Material provided –

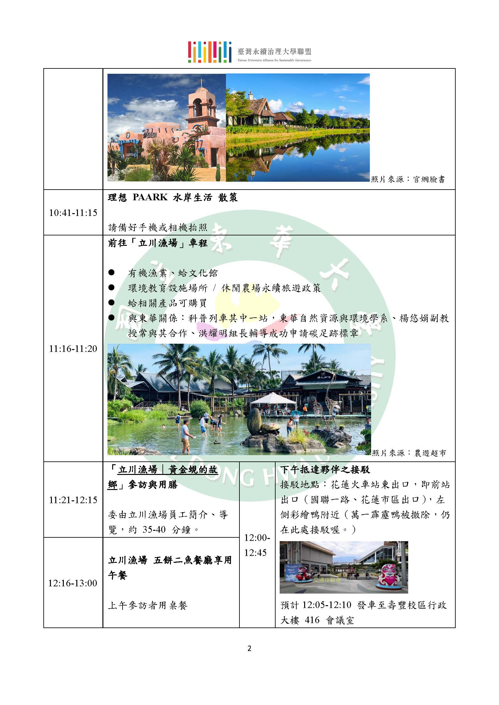 另外,為呈現國立東華大學「在地服務」之共好社會貢獻,安排校外實地參訪行程。
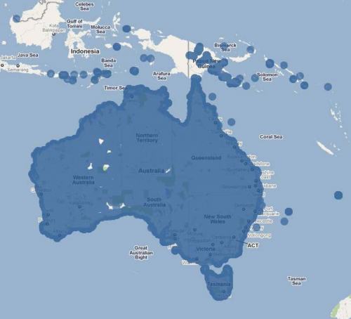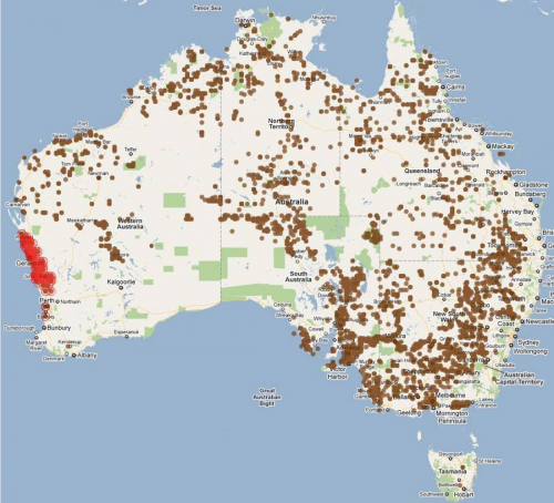 Another possible answer could be that what we are seeing is simply a result of Australian geography. It could be that the Australian landmass does not include any areas with intermediate environments of this kind. This can quickly be disproven. Here is the occurrence map for all species of parrot (Psittacidae) in Australia, along with the equivalent scatter plot:
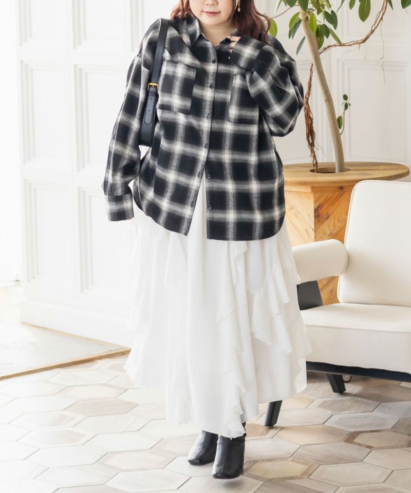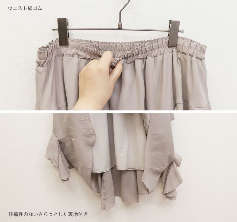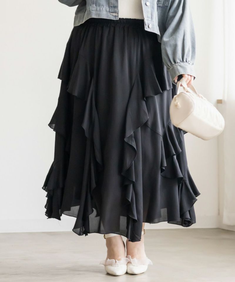 3Lサイズを着用しました。ウエストは総ゴム仕様でラクに履けてちょうどよかったです◎ラッフルデザインが歩くたびにひらっと揺れて、女性らしさをしっかり演出してくれます。ロング丈なので気になる足元もカバーしつつ、縦のラインを強調してくれるのでスタイルアップ効果も♪シンプルなトップスを合わせるだけで華やかになるので、普段使いはもちろん、ちょっとしたお出かけにもぴったりでした。
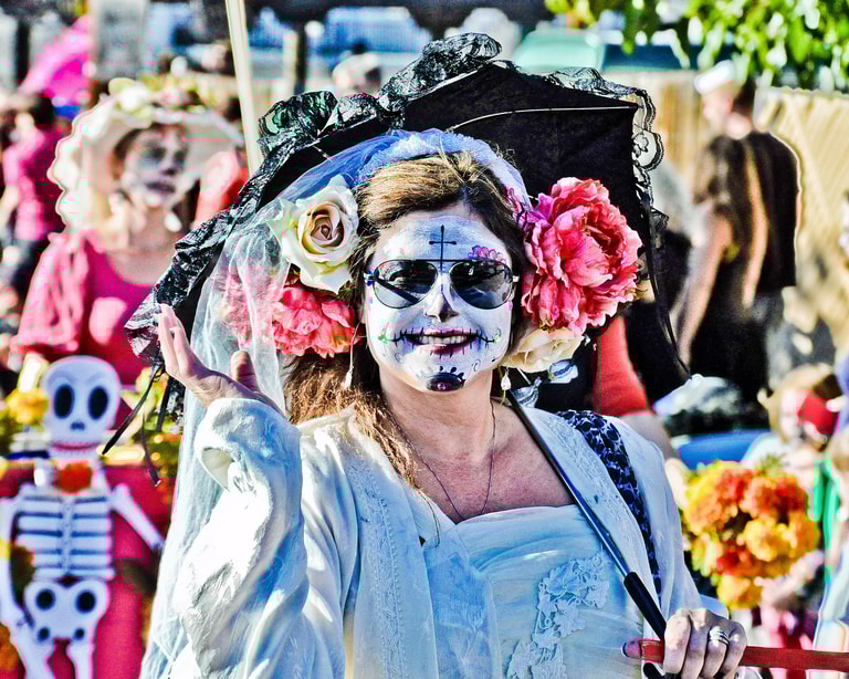 吃飽喝足後,不少人會到大街上參加亡靈節大遊行,他們會扮成一具具骷髏,將臉彩繪成骷髏頭的模樣。而這些裝扮中,最著名的要屬穿著華麗禮服的「卡翠娜骷髏頭」(La Calavera Catrina)扮相了。

The problem –
The listing above is to be retyped word for word, with the pictures omitted.

Response –
 另外,為呈現國立東華大學「在地服務」之共好社會貢獻,安排校外實地參訪行程。
 Another possible answer could be that what we are seeing is simply a result of Australian geography. It could be that the Australian landmass does not include any areas with intermediate environments of this kind. This can quickly be disproven. Here is the occurrence map for all species of parrot (Psittacidae) in Australia, along with the equivalent scatter plot:
 3Lサイズを着用しました。ウエストは総ゴム仕様でラクに履けてちょうどよかったです◎ラッフルデザインが歩くたびにひらっと揺れて、女性らしさをしっかり演出してくれます。ロング丈なので気になる足元もカバーしつつ、縦のラインを強調してくれるのでスタイルアップ効果も♪シンプルなトップスを合わせるだけで華やかになるので、普段使いはもちろん、ちょっとしたお出かけにもぴったりでした。
 吃飽喝足後,不少人會到大街上參加亡靈節大遊行,他們會扮成一具具骷髏,將臉彩繪成骷髏頭的模樣。而這些裝扮中,最著名的要屬穿著華麗禮服的「卡翠娜骷髏頭」(La Calavera Catrina)扮相了。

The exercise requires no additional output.